- INSTRUCTIONS FOR THE TASK:
Lines from the one containing "5月に植えた小玉スイカが大きくなって収穫をしました。" through the final line of the data, restated word for word and free of pictures, make up the whole answer.

- EXERCISE DATA:
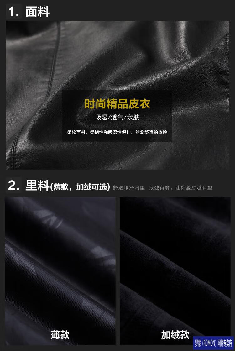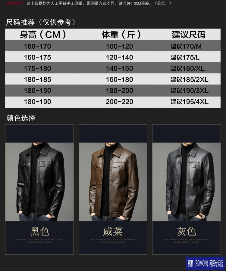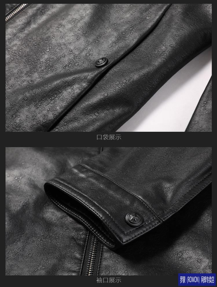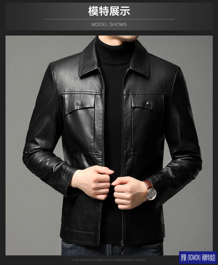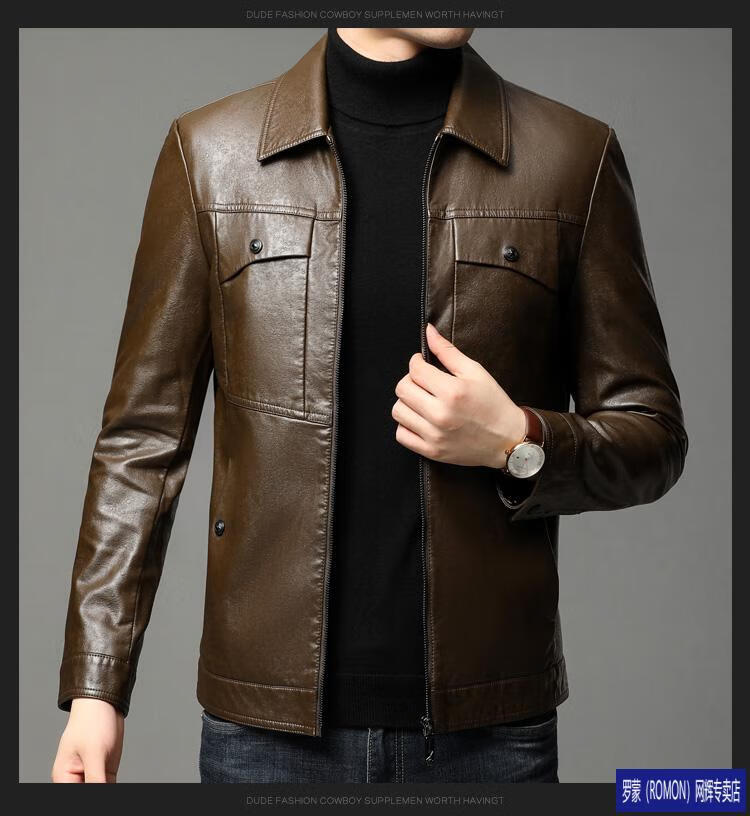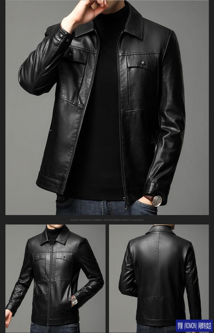 ROMON leather jacket men's spring new leather jacket men's single leather casual lapel father's imitation sheepskin jacket black L 175
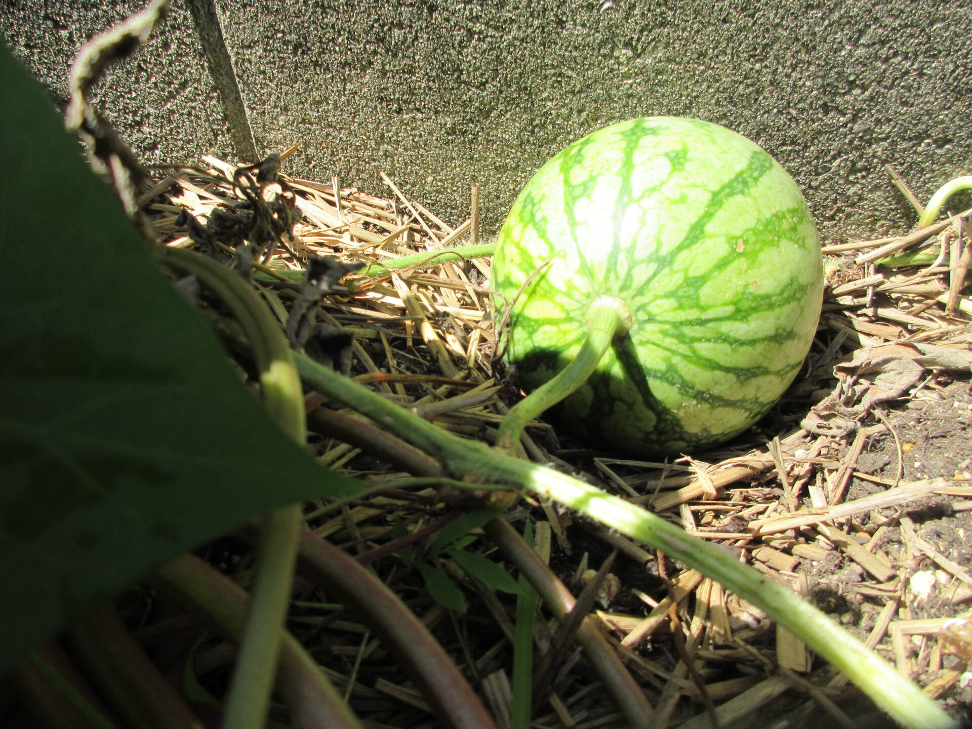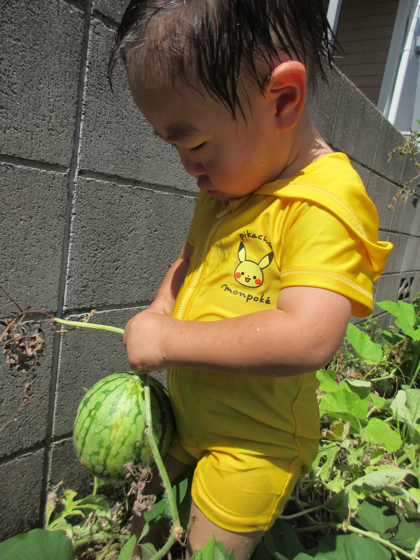 5月に植えた小玉スイカが大きくなって収穫をしました。
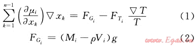 μi為化學(xué)勢(shì),J/mol;xi為摩爾分?jǐn)?shù);無(wú)因次;Vi為偏摩爾體積,m3/mol;Mi為組分i的摩爾質(zhì)量;g/mol;ρ為流體密度,kg/m3;Mi為i組分的重力項(xiàng);FTi為i組分的熱擴(kuò)散項(xiàng);Mi為組分i的分子量;無(wú)因次;Mm為混合物的分子量;無(wú)因次;Vi為i組分的偏摩爾體積,m3/mol;Vm為混合物的摩爾體積,m3/mol;Hi為i組分的偏摩爾焓,kJ/mol;Hm為混合物的焓,kJ;fi為i組分的逸度,Pa;h為深度,m;h0為參考深度,m;n為摩爾數(shù),無(wú)因次。

- WRITTEN SOLUTION:
 5月に植えた小玉スイカが大きくなって収穫をしました。
 μi為化學(xué)勢(shì),J/mol;xi為摩爾分?jǐn)?shù);無(wú)因次;Vi為偏摩爾體積,m3/mol;Mi為組分i的摩爾質(zhì)量;g/mol;ρ為流體密度,kg/m3;Mi為i組分的重力項(xiàng);FTi為i組分的熱擴(kuò)散項(xiàng);Mi為組分i的分子量;無(wú)因次;Mm為混合物的分子量;無(wú)因次;Vi為i組分的偏摩爾體積,m3/mol;Vm為混合物的摩爾體積,m3/mol;Hi為i組分的偏摩爾焓,kJ/mol;Hm為混合物的焓,kJ;fi為i組分的逸度,Pa;h為深度,m;h0為參考深度,m;n為摩爾數(shù),無(wú)因次。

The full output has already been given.